France and Germany: an unstoppable force meets an immovable object
It was supposed to be an evening for celebrating Jean-Claude Trichet's nine years at the helm of the European Central Bank (ECB).

France is very worried about the possibility of an involuntary haircut and a
'credit event' that will see its banks pushed to the limit of credit-worthiness
By Bruno Waterfield
www.telegraph.co.uk
11:00PM BST 22 Oct 2011
But as the orchestra played Beethoven's Ode to Joy in Frankfurt's Alte Oper, the city's concert hall, on Wednesday evening, the masterplan to rescue Europe's single currency was beginning to unravel. Europe's big test was about to become a whole lot more difficult.
Earlier the same afternoon, EU officials were confident that deep rifts between France and Germany on how best to save the euro could be patched under the warm glow of European unity. The day before, Nicolas Sarkozy, the French President, had warned that the divisions risked both "the destruction of the euro" and "the destruction of Europe". Looking sombre, President Sarkozy assured French MPs that he would be on a plane to Frankfurt to patch up a deal on increasing the "firepower" of the eurozone's European Financial Stability Facility (EFSF) bailout fund, currently worth €440bn.
Fate was to intervene when Mr Sarkozy's wife Carla Bruni entered Paris's La Muette clinic to give birth to their daughter, Giulia, on Wednesday afternoon. "That's it the meeting's off, Sarkozy can't miss their first child being born," despaired one EU aide in Brussels.

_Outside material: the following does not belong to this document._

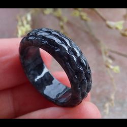 Certified Jadeite Jade 101141 Hand Carved black Ring size6.75 $85Pasadena, CA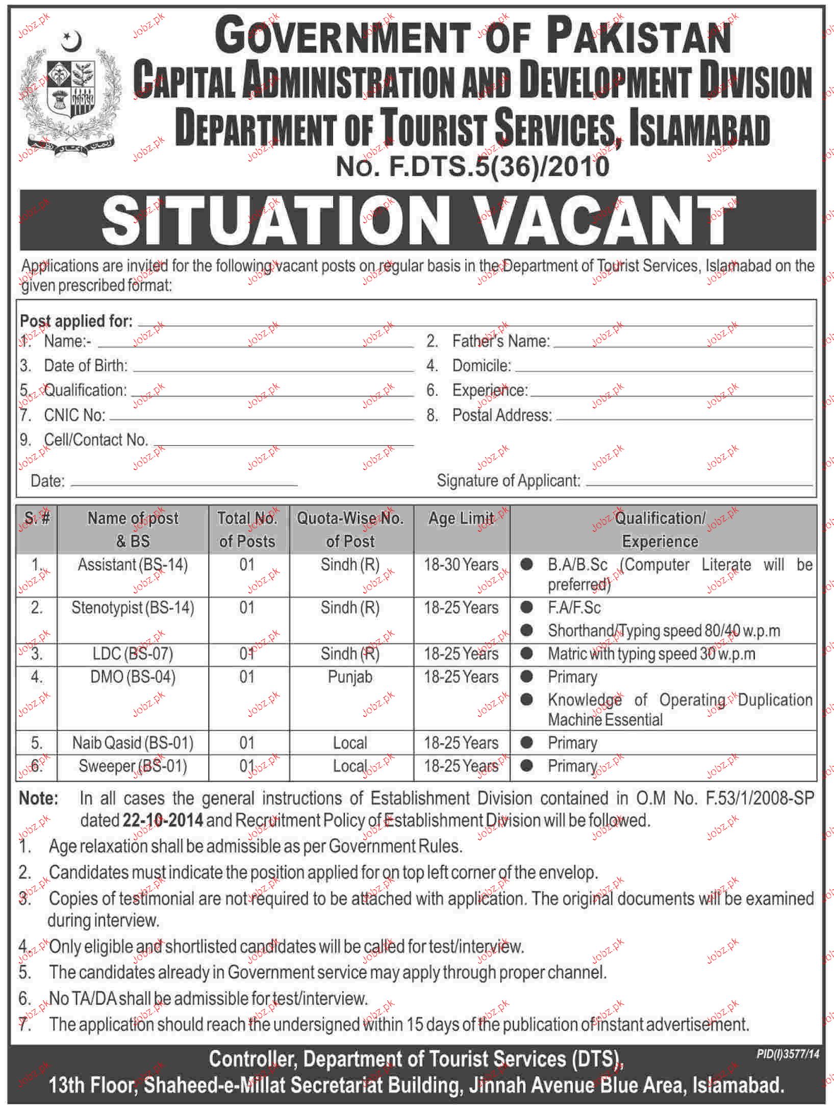 Assistants, LDC, DMO, Naib Qasid Job In Capital Administrati

But these are truly desperate times and the world of officialdom was to be proved wrong.
So acute was the split between France and Germany and so fragile the prospect of putting together a "big bang" fix for the euro in time for this weekend that Sarkozy abandoned his wife in the throes of labour to travel to Frankfurt. His urgent mission was to win over Angela Merkel, the German Chancellor, to supporting a French plan to "leverage" the EFSF by allowing it access to the theoretically unlimited funds of the ECB. Only by "backstopping" the EFSF with the ECB, he argued, could the eurozone deliver a "shock and awe" multi-trillion fund that could convince the markets with a pot big enough to recapitalise banks and to buy up distressed Spanish and Italian bonds. Naturally, "leveraging" the ECB also had the attraction of taking the heat off France's national budget, sparing the country's under-pressure AAA rating in the last critical six months before too-close-to-call presidential elections.
Sarkozy's dash from the maternity clinic was in vain. "Nein, nein, nein," was the answer from Merkel, with the support of Trichet, the French ECB chief. Europe's central bank could not be used to boost the EFSF because of a 20-year EU treaty clause forbidding the union from using its cash to save European governments. Unlike the EFSF, an ad hoc inter-governmental "special purpose vehicle" based in Luxembourg, the ECB is governed by the detailed chapter and verse of European law. "If the ECB could act like a national central bank that would make life a hell of lot easier, problem solved, but that runs up against the treaties and Germany's cult of the Bundesbank. Sarkozy was told 'game over'," said a senior EU diplomat.